INSTRUCTIONS TO FOLLOW
Exactly the lines from the one with "Утилита pkaction может" through the end of the data below must be set down, and no pictures with them.

***

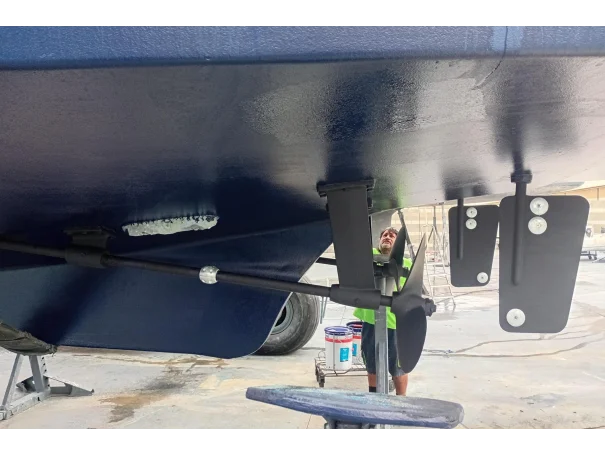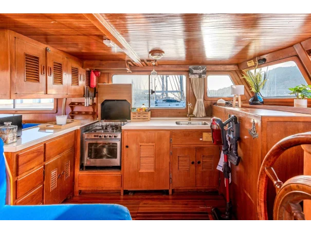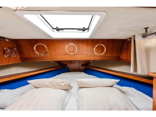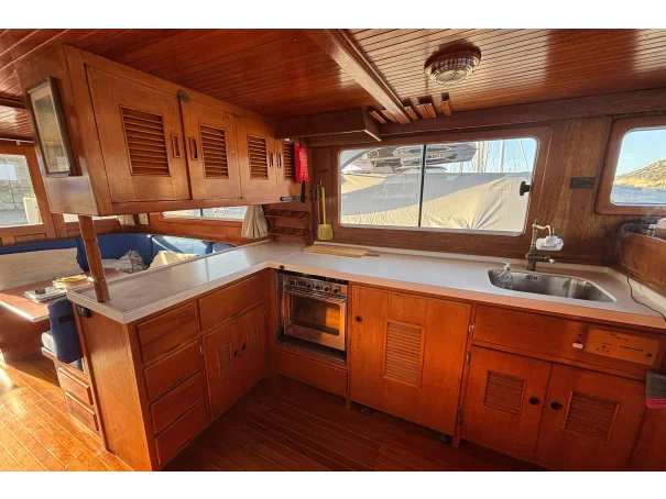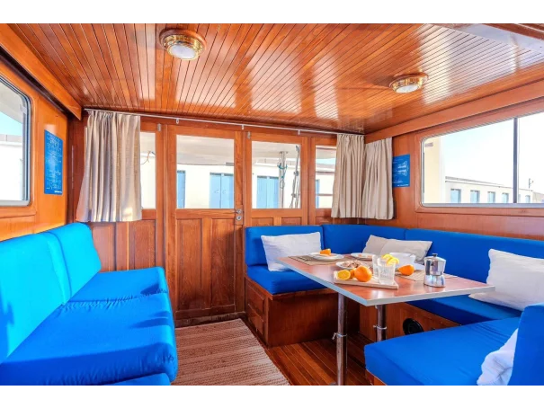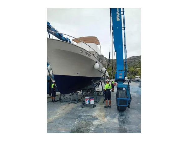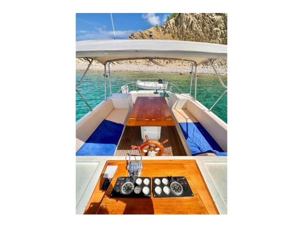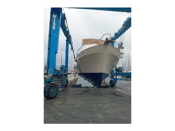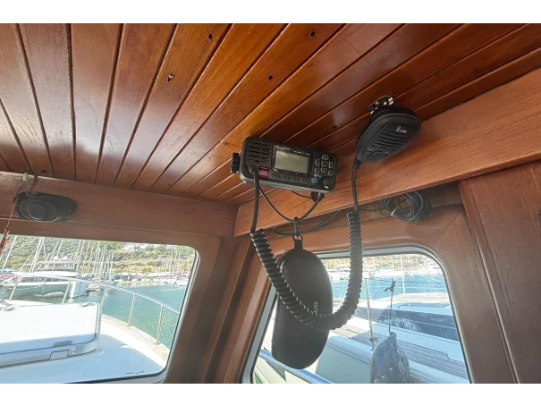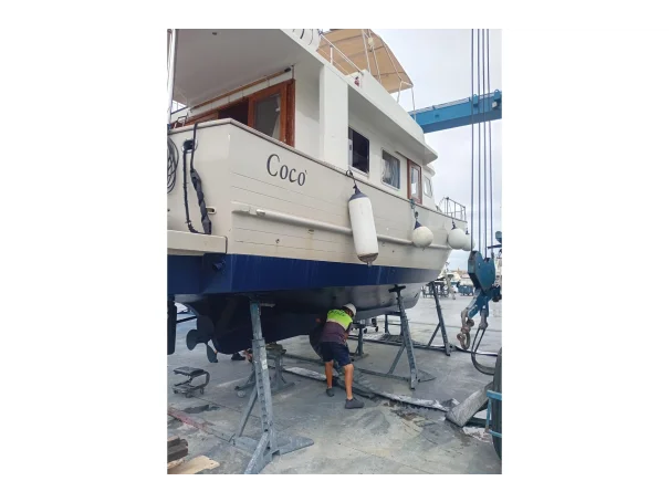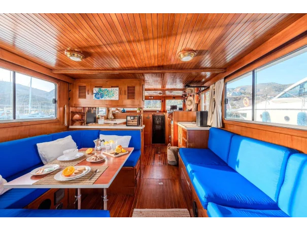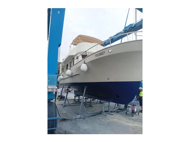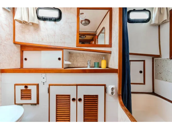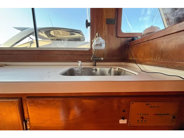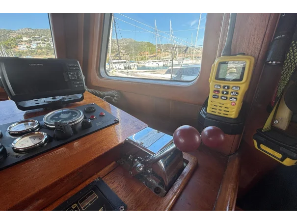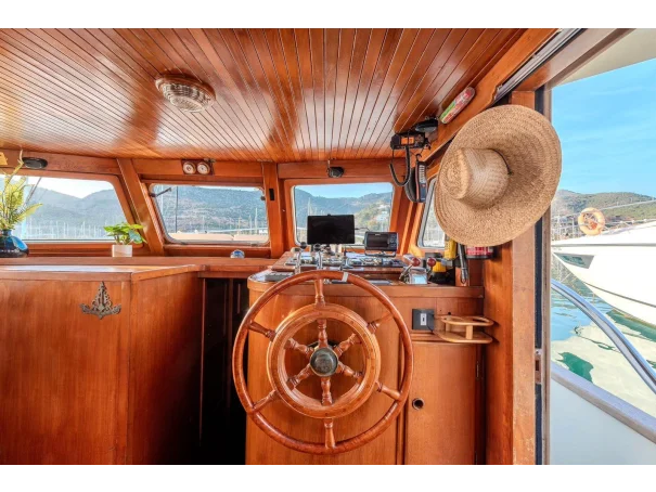 This boat is made of reinforced polyester, with grained sides and the hull above the waterline. The vessel's hull below the waterline was treated with antifouling. Vessel steering is possible from both the lower and upper rudder spaces; the cockpit is well protected, and the rudder space connection is enabled. The vessel's propulsion units are built-in LEHMAN FORD diesel engines with a combined power of 2 x 120 HP.
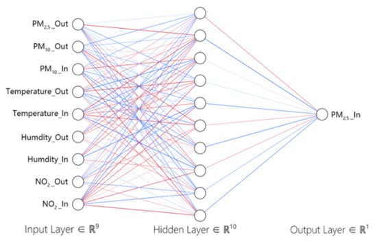 Artificial neural networks have been widely employed to investigate complex ambient-air processes. Many studies have predicted the concentrations of indoor air pollutants with ANN [,,]. Multi-layer perceptron (MLP) network is one of the major types of ANN architectures []. Usually, the MLP network is consists of input, output, and multi-layers (including a hidden layer) []. Each layer is composed of several interconnected non-linear processing components called neurons or nodes [,]. The selected neurons were connected to other neurons in adjacent layers through adaptive synaptic coefficients [,]. In this study, two-layer feed-forward neural network models were developed using the neural network toolbox of MATLAB R2020a []. The same dataset used in the MLR and TSR approach, 18,144 time-series data for each input neuron used to train the ANN models. The logistic sigmoid transfer function and linear activation function were used to avoid the fitting problem between input and output datasets. The input dataset was normalized using min–max normalization. The ANN models were trained with the Levenberg–Marquardt (LM) based back-propagation (BP) algorithm [,,]. The LM algorithm is one of the most effective algorithms which accelerates the convergence rate of the ANN with multilayer perceptron (MLP) architectures and reserves computational resources [,]. Studies have found the optimal number of hidden neurons to obtain the best network performance. In this study, the number of hidden layers was computed to be 10 from several iterations [,,,,]. As shown in Figure 3, the input layer contains nine neurons of indoor and outdoor air quality parameters. The measured indoor concentrations of PM2.5, PM10, and NO2 were considered as the desired target of the ANN models. For each training, the database was randomized into three groups: 70% training, 15% validation, and 15% testing [,]. The optimum network architecture of the ANN models was developed with 10 hidden layers [,]. The performance of developed ANN models was examined by calculating the coefficient of determination (R2) and root means square error (RMSE) [,].
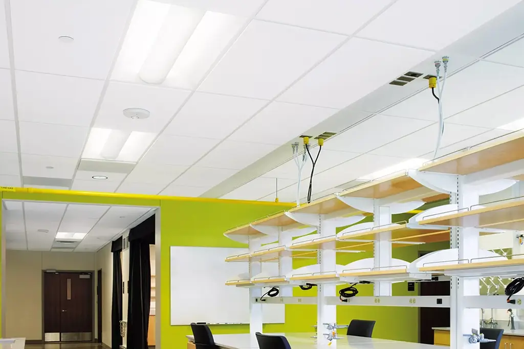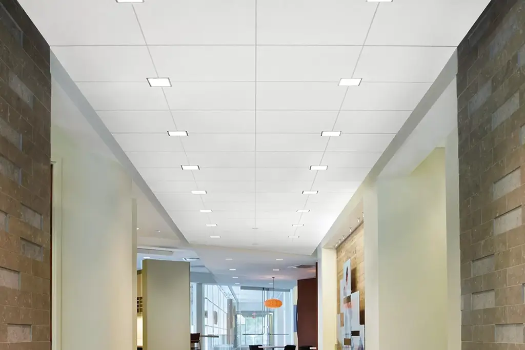Sophisticated slotted 9/16-in suspension system with a narrow 1/4-in reveal.
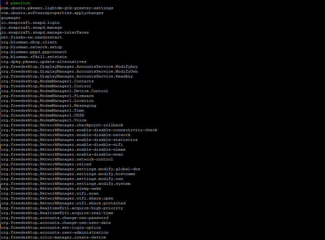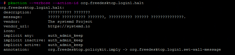 Утилита pkaction может использоваться для получения подробной информации о зарегистрированном действии Polkit.
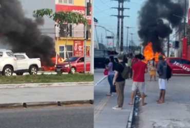 Um carro pegou fogo na manhã desta sexta-feira (9), próximo à rotatória da Mário Covas ...
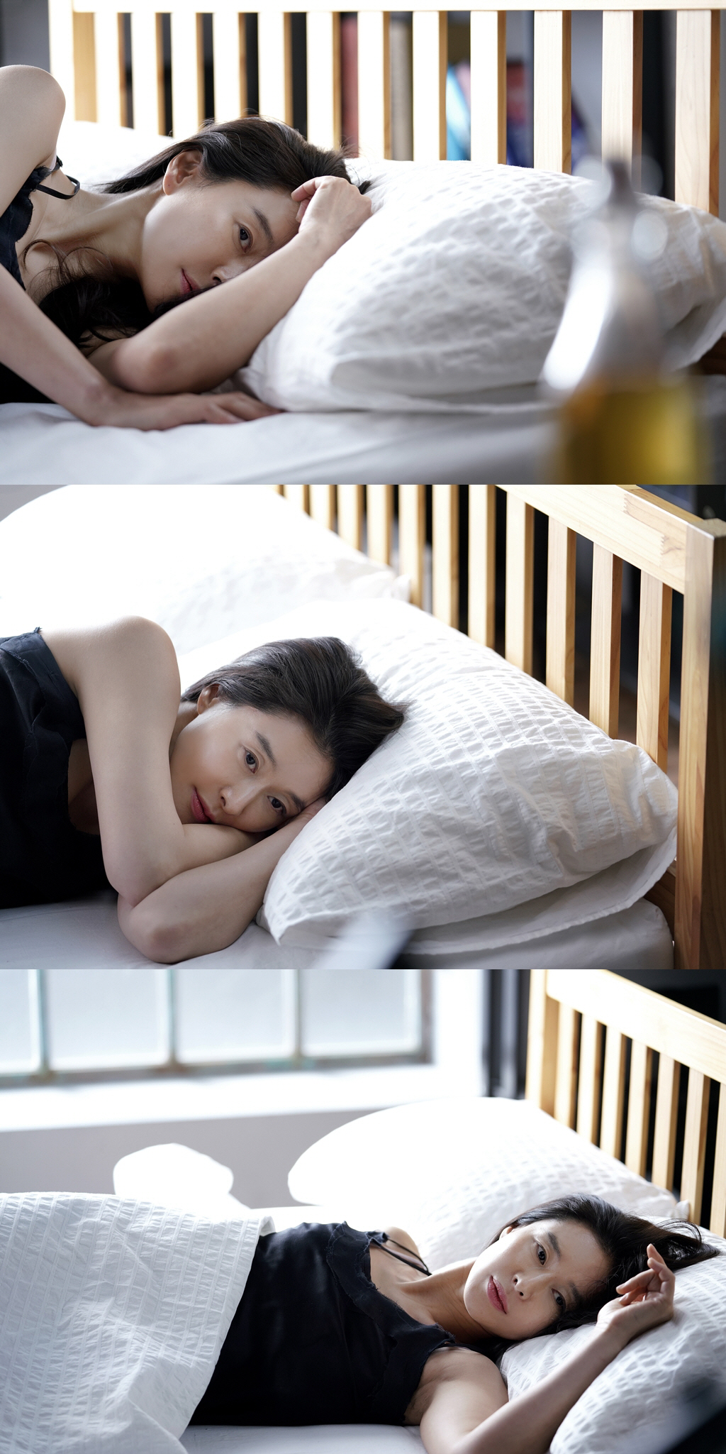 공개된 사진 속 예지원은 아찔한 슬립 차림으로 홀로 침대 위에 누워있다. 그녀의 뒤쪽 창문에서 비추는 밝은 햇살, 검은 의상과 대비되는 순백의 침대까지. 사진 속 모든 미장센이 감각적이고 아름답다. 이와 함께 이토록 매혹적인 예지원이 누굴 바라보고 있는 것인지 강한 호기심을 남긴다.

***

SOLUTION FOR THIS EXERCISE
 Утилита pkaction может использоваться для получения подробной информации о зарегистрированном действии Polkit.
 Um carro pegou fogo na manhã desta sexta-feira (9), próximo à rotatória da Mário Covas ...
 공개된 사진 속 예지원은 아찔한 슬립 차림으로 홀로 침대 위에 누워있다. 그녀의 뒤쪽 창문에서 비추는 밝은 햇살, 검은 의상과 대비되는 순백의 침대까지. 사진 속 모든 미장센이 감각적이고 아름답다. 이와 함께 이토록 매혹적인 예지원이 누굴 바라보고 있는 것인지 강한 호기심을 남긴다.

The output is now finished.